─── Records supplied
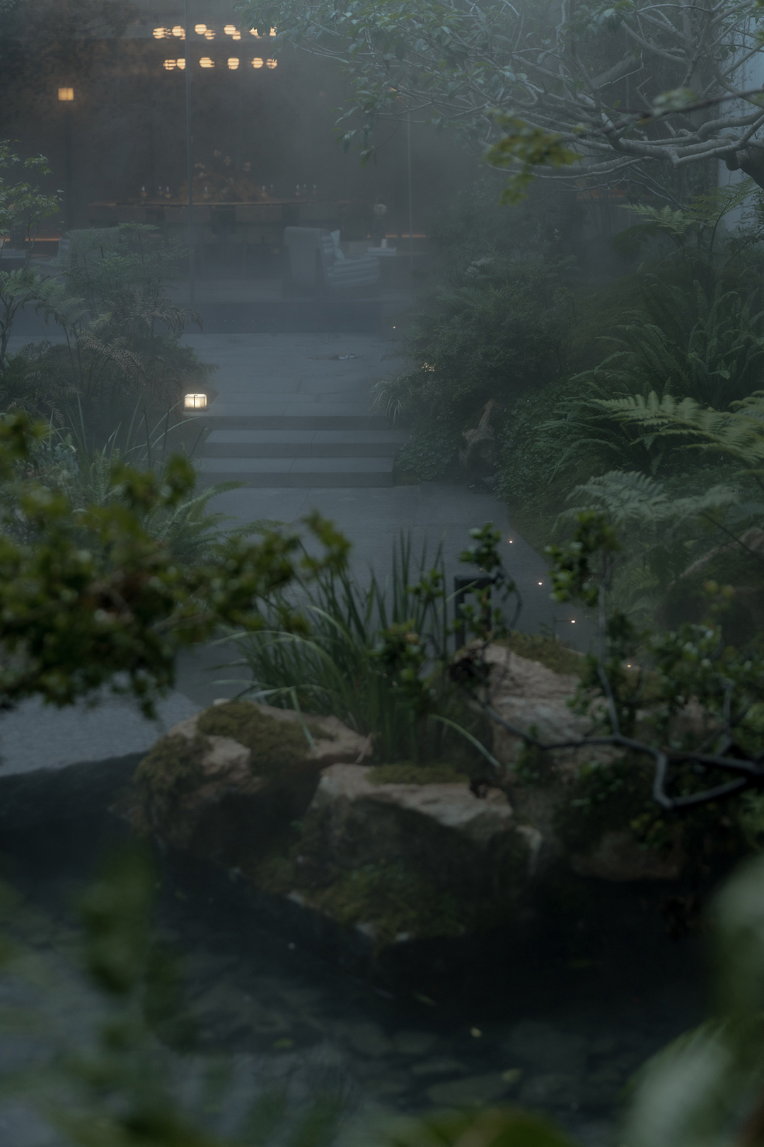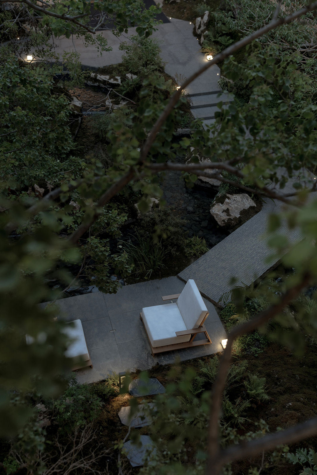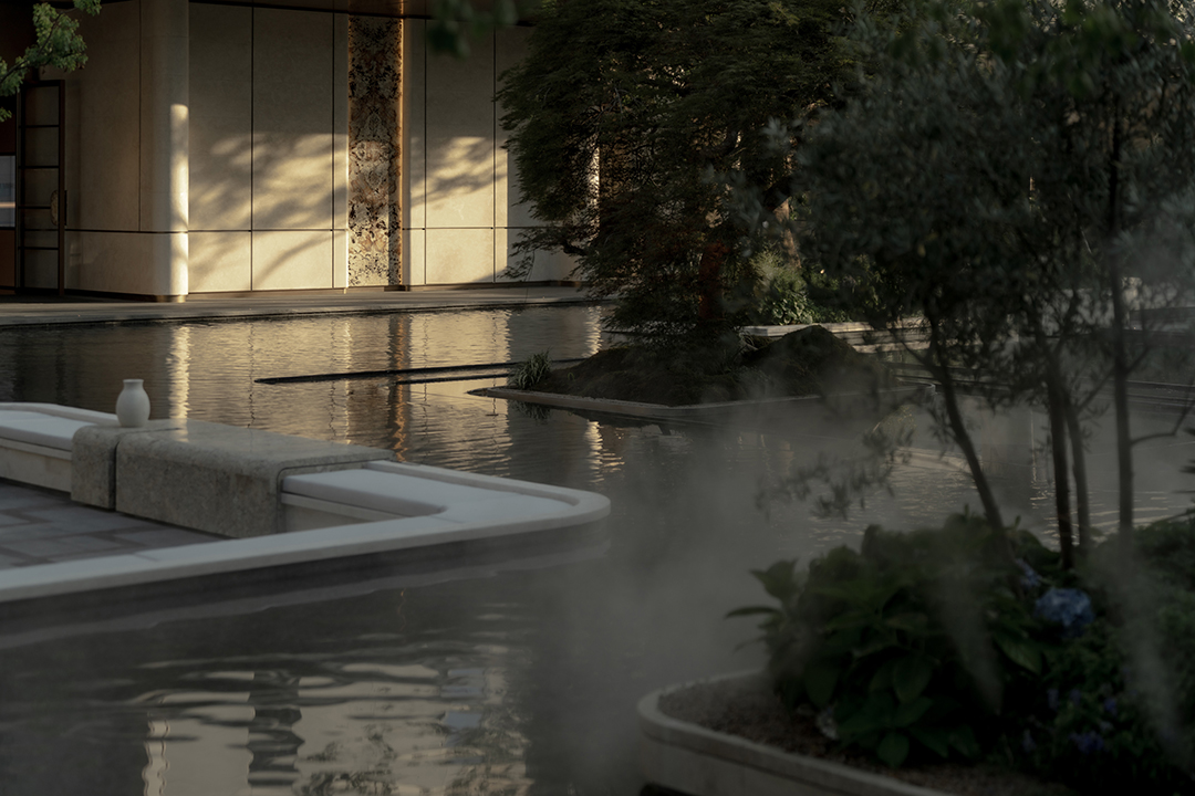 在立体高差的视野联动下,水上雾森、休闲平台、约6M高的飞瀑水幕、溪流潺潺、鱼群悠游,结合自然垒石工艺与高差叠级溯溪体验,从视觉、听觉、触觉到嗅觉,多维感官被充分调动。
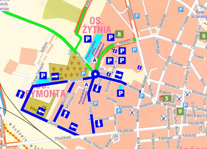 Bezpłatne miejsca parkingowe zlokalizowane będą przy ul. Cmentarnej oraz Przerwy-Tetmajera.
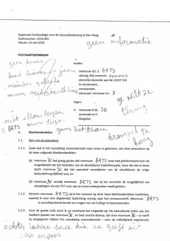 Een inleiding (1), herhaling van de klacht (2), verwijzing naar de wettelijke informatieplicht c.q. verwijzing naar andere hulpverleners (3), Als voorbeeld noem ik Med. Centrum Twente – wat al in 2017 op de webpagina radiotherapie noemt i.p.v. verwijderen (4) (n.b. Ziekenhuis Z. heeft hun webpagina pas na aug. 2022 aangepast.), Verder geef ik aandacht aan de Amaros-study en aan een artikel van het AvL uit 2014 en ik attendeer nog eens op de negativiteit van de arts op de Amaros-study waarvan zij zegt dat hierop “veel commentaar” is geweest. (5), Ik herhaal de “twee lijnen” uit het verweerschrift van de arts en dat bij het bestaan hiervan dit met de patiënt besproken dient te worden. Wat dus in Z. niet is gebeurd. (6), Er was voldoende informatie om de gewijzigde Richtlijnen al toe te passen en met de patiënten te bespreken. Het wel of niet implementeren van de Richtlijnen is geen reden voor excuus om dit niet te doen. (7 en 8), Zelfs al in haar verweerschrift verwijst zij naar de Richtlijnen van 2012 waarin R.T. al als goed alternatief wordt besproken!! En ik verwijs naar een bericht uit 2010.(9), En als laatste vernoem ik waar het predicaat van Pink Ribbon voor staat. (10).
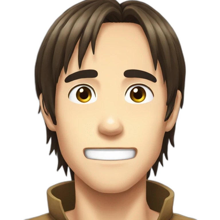 “Create an avatar that looks like Eren Yeager from Attack on Titan, Season 3 — sharp jawline, tied-back long brown hair, intense green eyes, serious expression.” emoji
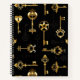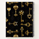 Seamless pattern of antique, gold and silhouette keys on black background.
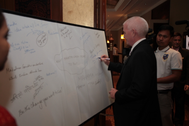 A two-year long celebration of the 150th birth anniversary of Mahatma Gandhi was launched by the Embassy of India in Yangon with an event on 2nd October held at the Sule Shangrila Hotel.
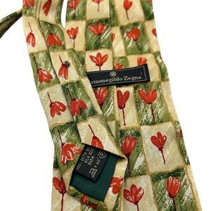 Ermenegildo Zegna Silk Tie 100% Red Flower Sage Green Yellow Italy
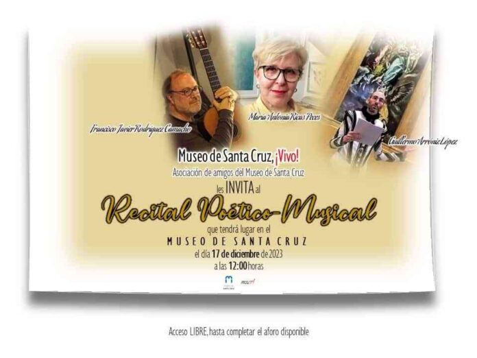 Museo de Santa Cruz, ¡Vivo!, tras dos años en los que ha resultado imposible realizar este tradicional acto de cierre de actividades del año en curso, ha preparado un Recital Poético.Musical que tendrá lugar el próximo sábado, día 17 de diciembre, a partir de las 12:00 horas, en la Sala del Toisón, en el Museo de Santa Cruz.
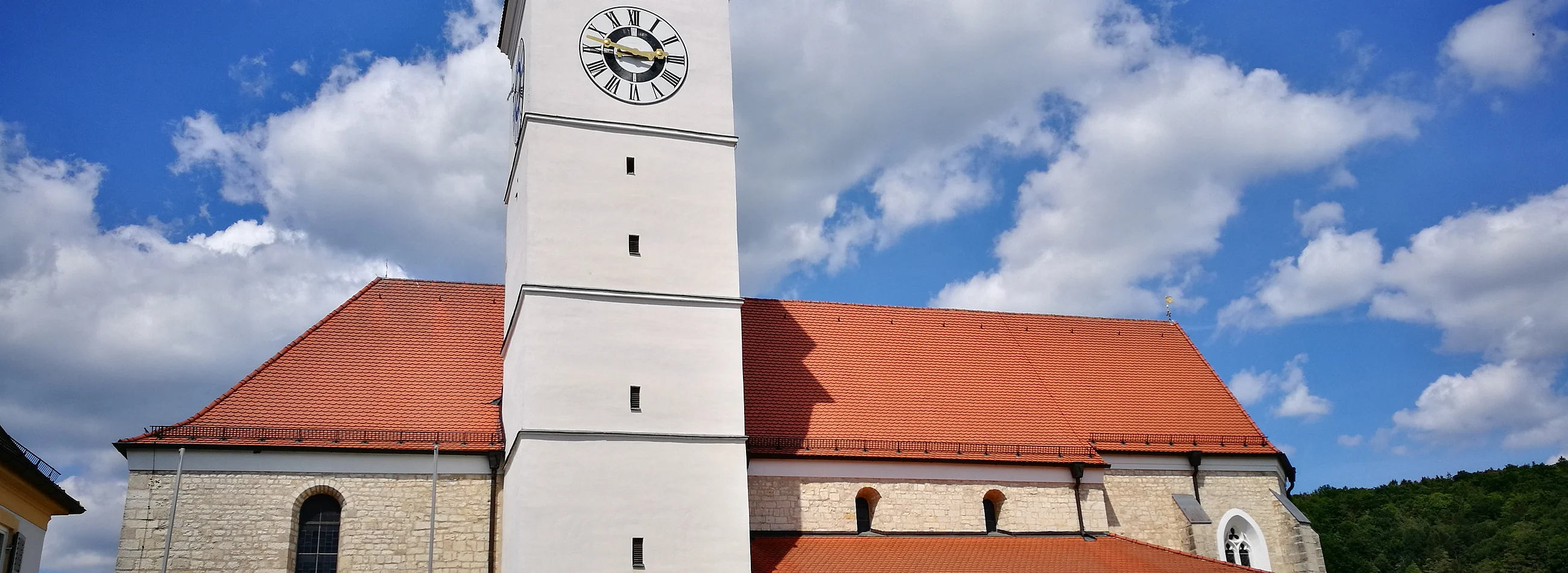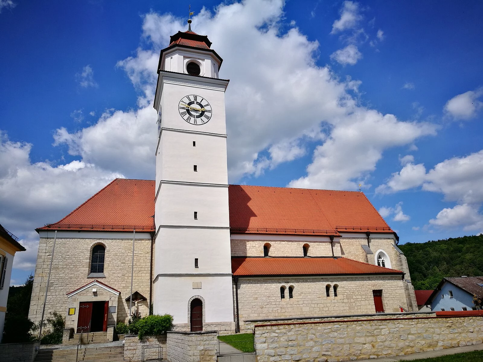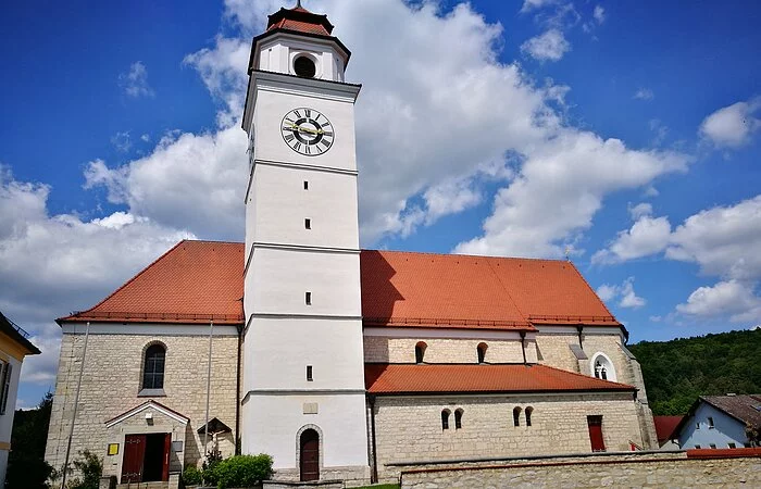 Das Langhaus der Kirche ist im Kern romanisch (Weihe 1063), der Chor entstand in der Gotik (um 1300), ebenso wohl der Turm, der nach einem Brand 1728 nach den Plänen von Gabriel de Gabrieli einen barocken Helm erhielt. Gabrieli erbaute auch den Pfarrhof neben der Kirche (1744). Das Langhaus wurde 1842 nach Westen und 1931/32 um die Seitenschiffe erweitert.
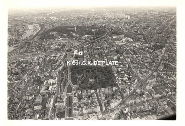 Formaat : 13 x 17,5 cm. - Luchtfoto. - Vooraan het Maria-Hendrikapark en de Velodroom. Links, de Bootsman Jonsen kazerne van de Zeemacht. Wat verder de Graaf de Smet de Naeyerlaan en aansluitend de Graaf de Smet de…
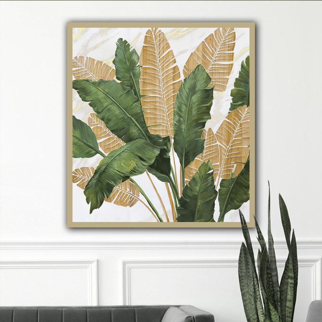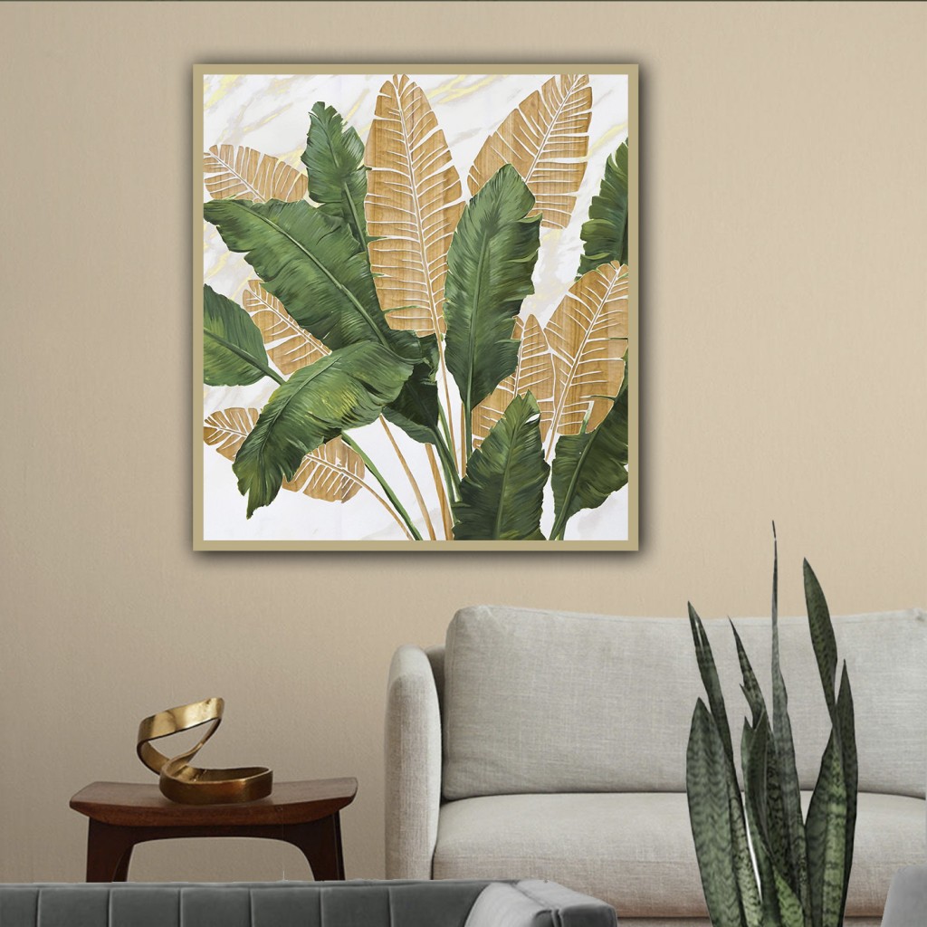 تابلو برگ های استوایی طلایی سبز
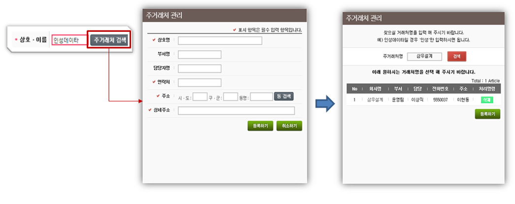 ①주거래처 검색은 사용자가 자주 이용하는 거래처를 등록하여 입력된 거래처 선택시 출/도착지에 정보를 입력할 수 있는 기능입니다.
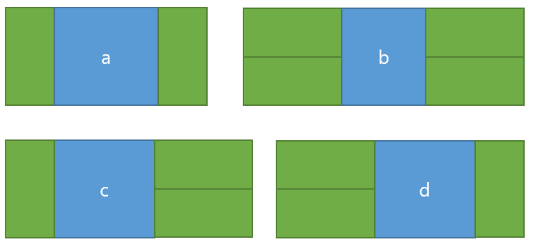 a, b인경우 대칭이기에 재귀 호출을 통해 해결하고 c, d인 경우 비대칭이므로 파란색 부분을 덮는 전체 경우의 수를 반환하면 된다.
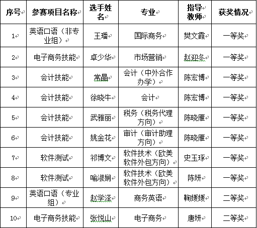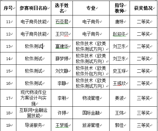 本次大赛,我校共参加了英语口语(专业组、非专业组)、会计技能(教师赛、学生赛)、软件测试、导游、电子商务技能、互联网+金融运营技能、市场营销技能、现代物流作业方案设计与实施、移动互联网应用软件等九个赛项。35名参赛选手获得了8个一等奖、8个二等奖、3个三等奖;两名教师在教师组比赛中获得二等奖的好成绩。
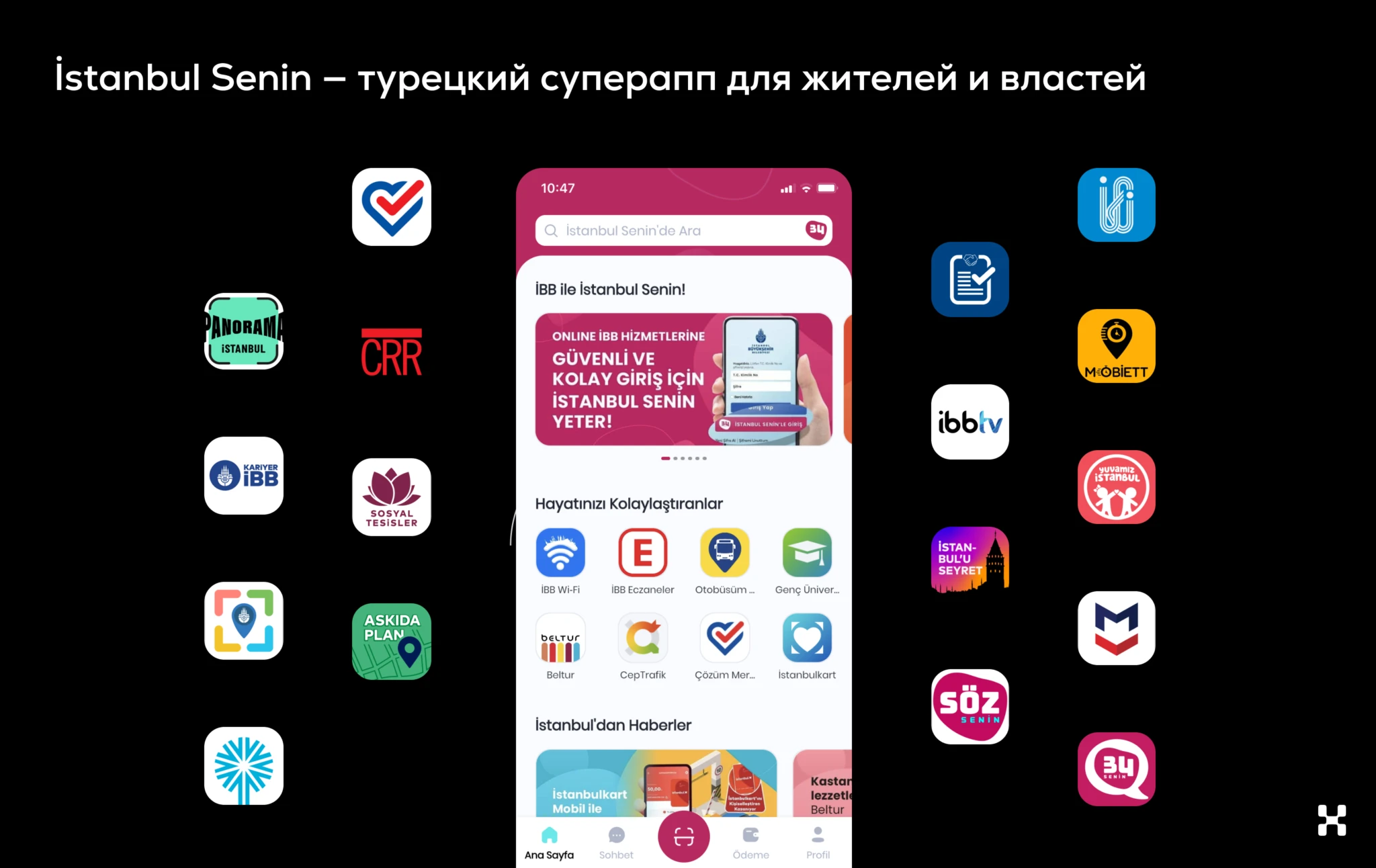 İstanbul Senin — турецкий суперапп, который работает в Стамбуле и объединяет 40 мини-приложений. Турецкие власти собрали городские, платежные и образовательные сервисы в едином интерфейсе.
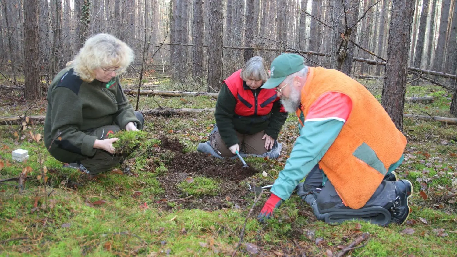 Suche im Winterboden: Im Wald in der Nähe des Dewinsees sammeln Birgit Großmann, Annette Wartenberg und Helmut Nitschke (v.l.) Puppen von Schadinsekten ein.
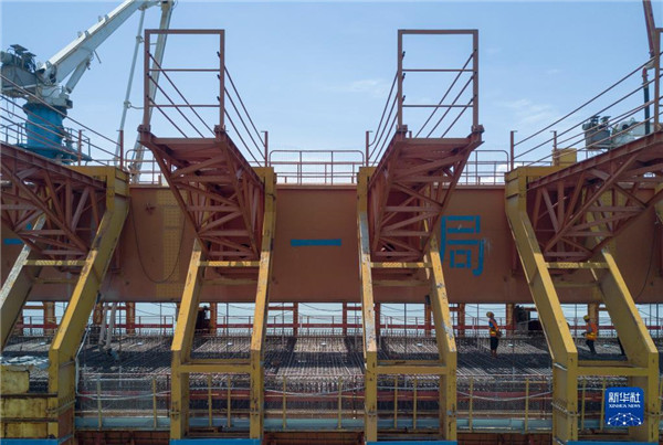 9月6日,中鐵十一局工人在新建福廈鐵路湄洲灣跨海大橋移動模架內作業(無人機照片)。
──────
Task description.
Please copy the data shown above, line by line and exactly, omitting the images.

Exercise response.
 在立体高差的视野联动下,水上雾森、休闲平台、约6M高的飞瀑水幕、溪流潺潺、鱼群悠游,结合自然垒石工艺与高差叠级溯溪体验,从视觉、听觉、触觉到嗅觉,多维感官被充分调动。
 Bezpłatne miejsca parkingowe zlokalizowane będą przy ul. Cmentarnej oraz Przerwy-Tetmajera.
 Een inleiding (1), herhaling van de klacht (2), verwijzing naar de wettelijke informatieplicht c.q. verwijzing naar andere hulpverleners (3), Als voorbeeld noem ik Med. Centrum Twente – wat al in 2017 op de webpagina radiotherapie noemt i.p.v. verwijderen (4) (n.b. Ziekenhuis Z. heeft hun webpagina pas na aug. 2022 aangepast.), Verder geef ik aandacht aan de Amaros-study en aan een artikel van het AvL uit 2014 en ik attendeer nog eens op de negativiteit van de arts op de Amaros-study waarvan zij zegt dat hierop “veel commentaar” is geweest. (5), Ik herhaal de “twee lijnen” uit het verweerschrift van de arts en dat bij het bestaan hiervan dit met de patiënt besproken dient te worden. Wat dus in Z. niet is gebeurd. (6), Er was voldoende informatie om de gewijzigde Richtlijnen al toe te passen en met de patiënten te bespreken. Het wel of niet implementeren van de Richtlijnen is geen reden voor excuus om dit niet te doen. (7 en 8), Zelfs al in haar verweerschrift verwijst zij naar de Richtlijnen van 2012 waarin R.T. al als goed alternatief wordt besproken!! En ik verwijs naar een bericht uit 2010.(9), En als laatste vernoem ik waar het predicaat van Pink Ribbon voor staat. (10).
 “Create an avatar that looks like Eren Yeager from Attack on Titan, Season 3 — sharp jawline, tied-back long brown hair, intense green eyes, serious expression.” emoji
 Seamless pattern of antique, gold and silhouette keys on black background.
 A two-year long celebration of the 150th birth anniversary of Mahatma Gandhi was launched by the Embassy of India in Yangon with an event on 2nd October held at the Sule Shangrila Hotel.
 Ermenegildo Zegna Silk Tie 100% Red Flower Sage Green Yellow Italy
 Museo de Santa Cruz, ¡Vivo!, tras dos años en los que ha resultado imposible realizar este tradicional acto de cierre de actividades del año en curso, ha preparado un Recital Poético.Musical que tendrá lugar el próximo sábado, día 17 de diciembre, a partir de las 12:00 horas, en la Sala del Toisón, en el Museo de Santa Cruz.
 Das Langhaus der Kirche ist im Kern romanisch (Weihe 1063), der Chor entstand in der Gotik (um 1300), ebenso wohl der Turm, der nach einem Brand 1728 nach den Plänen von Gabriel de Gabrieli einen barocken Helm erhielt. Gabrieli erbaute auch den Pfarrhof neben der Kirche (1744). Das Langhaus wurde 1842 nach Westen und 1931/32 um die Seitenschiffe erweitert.
 Formaat : 13 x 17,5 cm. - Luchtfoto. - Vooraan het Maria-Hendrikapark en de Velodroom. Links, de Bootsman Jonsen kazerne van de Zeemacht. Wat verder de Graaf de Smet de Naeyerlaan en aansluitend de Graaf de Smet de…
 تابلو برگ های استوایی طلایی سبز
 ①주거래처 검색은 사용자가 자주 이용하는 거래처를 등록하여 입력된 거래처 선택시 출/도착지에 정보를 입력할 수 있는 기능입니다.
 a, b인경우 대칭이기에 재귀 호출을 통해 해결하고 c, d인 경우 비대칭이므로 파란색 부분을 덮는 전체 경우의 수를 반환하면 된다.
 本次大赛,我校共参加了英语口语(专业组、非专业组)、会计技能(教师赛、学生赛)、软件测试、导游、电子商务技能、互联网+金融运营技能、市场营销技能、现代物流作业方案设计与实施、移动互联网应用软件等九个赛项。35名参赛选手获得了8个一等奖、8个二等奖、3个三等奖;两名教师在教师组比赛中获得二等奖的好成绩。
 İstanbul Senin — турецкий суперапп, который работает в Стамбуле и объединяет 40 мини-приложений. Турецкие власти собрали городские, платежные и образовательные сервисы в едином интерфейсе.
 Suche im Winterboden: Im Wald in der Nähe des Dewinsees sammeln Birgit Großmann, Annette Wartenberg und Helmut Nitschke (v.l.) Puppen von Schadinsekten ein.
 9月6日,中鐵十一局工人在新建福廈鐵路湄洲灣跨海大橋移動模架內作業(無人機照片)。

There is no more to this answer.